- Records shown:
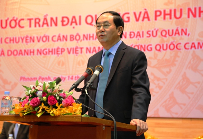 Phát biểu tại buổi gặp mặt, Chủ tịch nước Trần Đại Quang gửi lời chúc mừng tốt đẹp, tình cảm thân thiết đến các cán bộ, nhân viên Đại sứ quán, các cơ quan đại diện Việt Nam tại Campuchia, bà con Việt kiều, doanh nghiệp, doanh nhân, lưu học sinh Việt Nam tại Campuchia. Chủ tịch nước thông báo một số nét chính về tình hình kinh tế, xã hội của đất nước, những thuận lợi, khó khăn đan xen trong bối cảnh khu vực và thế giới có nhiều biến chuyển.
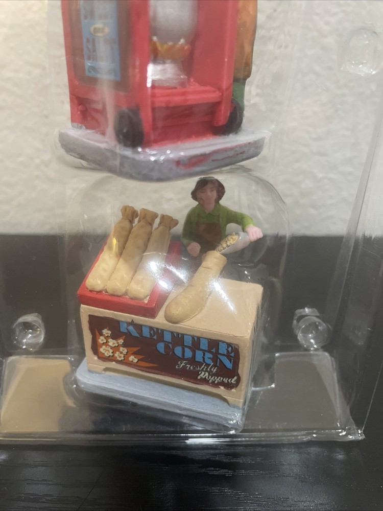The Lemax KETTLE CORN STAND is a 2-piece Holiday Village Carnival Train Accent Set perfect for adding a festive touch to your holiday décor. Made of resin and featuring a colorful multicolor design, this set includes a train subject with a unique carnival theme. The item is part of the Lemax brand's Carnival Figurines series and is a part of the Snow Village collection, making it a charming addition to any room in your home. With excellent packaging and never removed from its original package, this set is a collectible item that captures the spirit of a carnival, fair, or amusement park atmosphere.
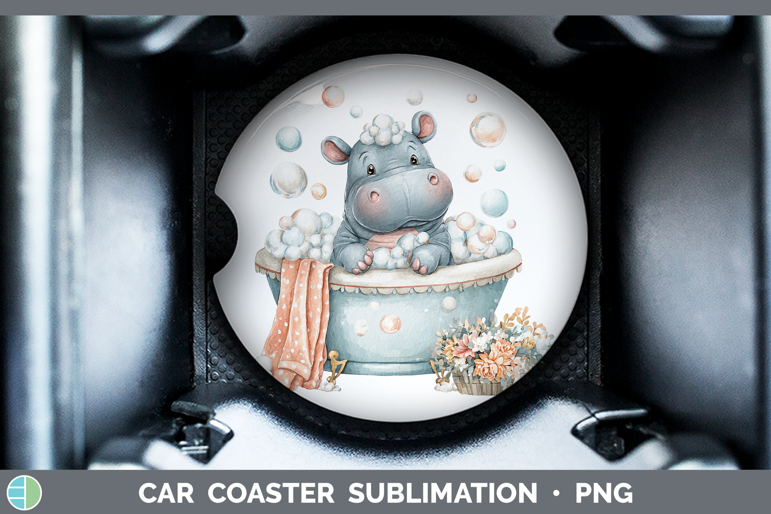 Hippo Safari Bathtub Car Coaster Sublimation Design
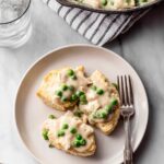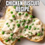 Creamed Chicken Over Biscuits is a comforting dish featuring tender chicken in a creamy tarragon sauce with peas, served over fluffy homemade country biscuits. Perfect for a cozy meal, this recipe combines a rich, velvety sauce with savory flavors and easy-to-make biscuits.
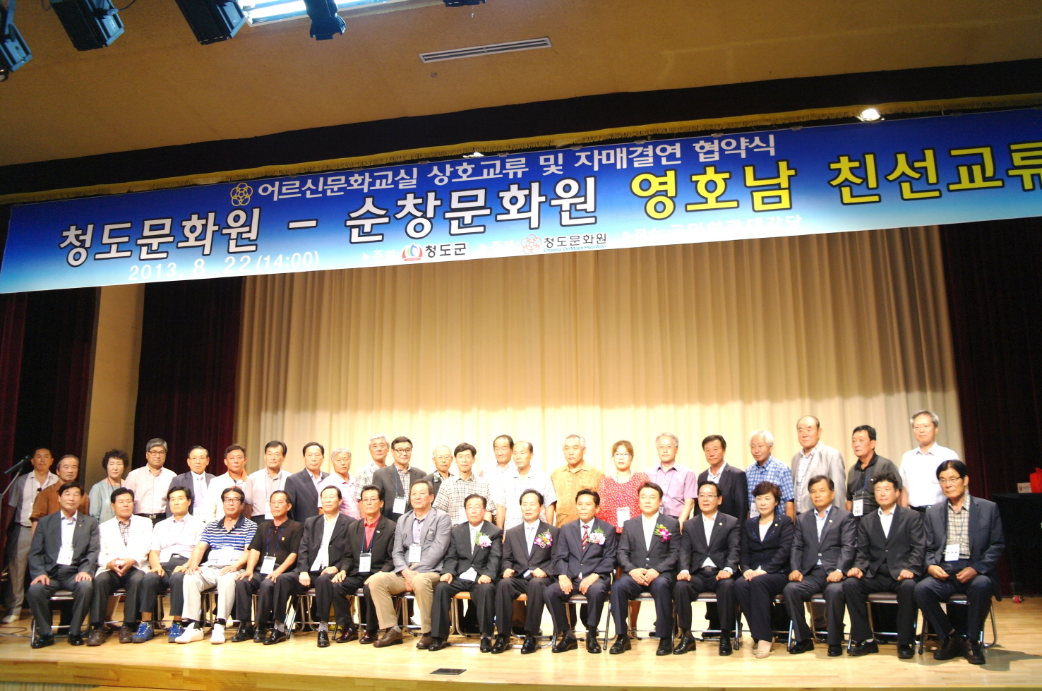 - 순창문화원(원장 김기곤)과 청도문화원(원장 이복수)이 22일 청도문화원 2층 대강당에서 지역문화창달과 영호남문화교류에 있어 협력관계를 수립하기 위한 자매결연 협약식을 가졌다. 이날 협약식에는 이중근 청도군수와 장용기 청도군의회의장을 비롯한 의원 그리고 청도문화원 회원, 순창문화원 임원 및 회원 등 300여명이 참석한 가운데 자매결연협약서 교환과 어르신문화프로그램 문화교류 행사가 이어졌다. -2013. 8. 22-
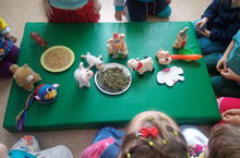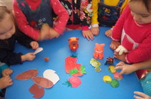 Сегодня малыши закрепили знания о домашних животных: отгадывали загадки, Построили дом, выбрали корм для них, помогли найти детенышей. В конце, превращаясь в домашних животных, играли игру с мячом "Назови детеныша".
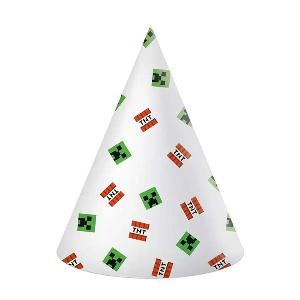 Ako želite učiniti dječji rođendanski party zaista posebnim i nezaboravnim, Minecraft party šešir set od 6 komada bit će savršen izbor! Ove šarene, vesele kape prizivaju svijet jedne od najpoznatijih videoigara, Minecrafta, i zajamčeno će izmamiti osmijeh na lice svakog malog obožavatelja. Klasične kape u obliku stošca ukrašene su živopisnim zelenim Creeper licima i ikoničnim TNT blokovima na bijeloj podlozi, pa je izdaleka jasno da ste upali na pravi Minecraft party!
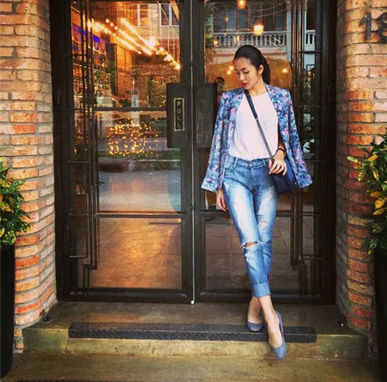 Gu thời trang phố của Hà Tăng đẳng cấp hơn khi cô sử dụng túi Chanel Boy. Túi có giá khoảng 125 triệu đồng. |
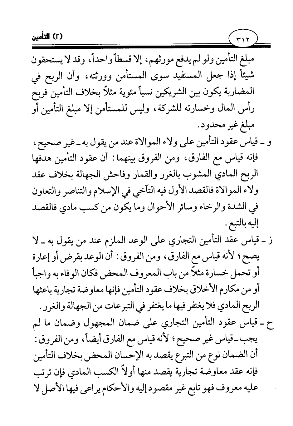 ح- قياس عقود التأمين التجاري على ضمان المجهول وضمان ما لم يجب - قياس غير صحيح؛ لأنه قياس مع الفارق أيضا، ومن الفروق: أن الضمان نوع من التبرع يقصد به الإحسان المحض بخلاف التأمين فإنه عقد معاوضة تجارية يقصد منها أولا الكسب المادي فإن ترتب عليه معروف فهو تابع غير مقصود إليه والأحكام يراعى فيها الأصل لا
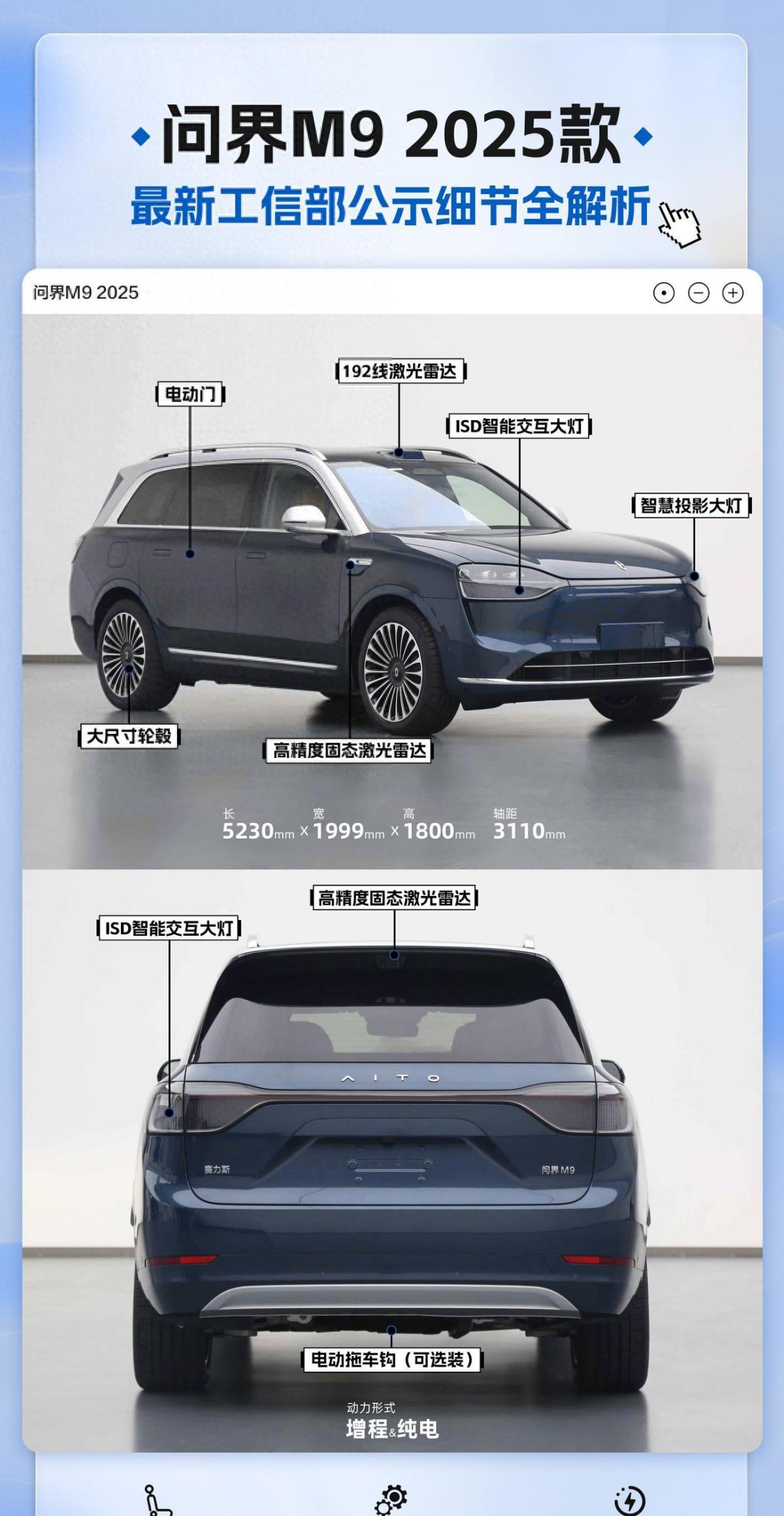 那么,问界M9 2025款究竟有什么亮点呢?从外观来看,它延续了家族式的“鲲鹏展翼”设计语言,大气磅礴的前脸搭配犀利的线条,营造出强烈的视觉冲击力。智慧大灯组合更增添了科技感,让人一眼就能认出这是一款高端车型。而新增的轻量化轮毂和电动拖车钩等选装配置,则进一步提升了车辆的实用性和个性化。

- Exercise directions:
What's needed is an exact copy of the lines above from the one with "Creamed Chicken Over" through the one with "ح- قياس عقود", both included; the pictures stay out.

- Exercise response:
 Creamed Chicken Over Biscuits is a comforting dish featuring tender chicken in a creamy tarragon sauce with peas, served over fluffy homemade country biscuits. Perfect for a cozy meal, this recipe combines a rich, velvety sauce with savory flavors and easy-to-make biscuits.
 - 순창문화원(원장 김기곤)과 청도문화원(원장 이복수)이 22일 청도문화원 2층 대강당에서 지역문화창달과 영호남문화교류에 있어 협력관계를 수립하기 위한 자매결연 협약식을 가졌다. 이날 협약식에는 이중근 청도군수와 장용기 청도군의회의장을 비롯한 의원 그리고 청도문화원 회원, 순창문화원 임원 및 회원 등 300여명이 참석한 가운데 자매결연협약서 교환과 어르신문화프로그램 문화교류 행사가 이어졌다. -2013. 8. 22-
 Сегодня малыши закрепили знания о домашних животных: отгадывали загадки, Построили дом, выбрали корм для них, помогли найти детенышей. В конце, превращаясь в домашних животных, играли игру с мячом "Назови детеныша".
 Ako želite učiniti dječji rođendanski party zaista posebnim i nezaboravnim, Minecraft party šešir set od 6 komada bit će savršen izbor! Ove šarene, vesele kape prizivaju svijet jedne od najpoznatijih videoigara, Minecrafta, i zajamčeno će izmamiti osmijeh na lice svakog malog obožavatelja. Klasične kape u obliku stošca ukrašene su živopisnim zelenim Creeper licima i ikoničnim TNT blokovima na bijeloj podlozi, pa je izdaleka jasno da ste upali na pravi Minecraft party!
 Gu thời trang phố của Hà Tăng đẳng cấp hơn khi cô sử dụng túi Chanel Boy. Túi có giá khoảng 125 triệu đồng. |
 ح- قياس عقود التأمين التجاري على ضمان المجهول وضمان ما لم يجب - قياس غير صحيح؛ لأنه قياس مع الفارق أيضا، ومن الفروق: أن الضمان نوع من التبرع يقصد به الإحسان المحض بخلاف التأمين فإنه عقد معاوضة تجارية يقصد منها أولا الكسب المادي فإن ترتب عليه معروف فهو تابع غير مقصود إليه والأحكام يراعى فيها الأصل لا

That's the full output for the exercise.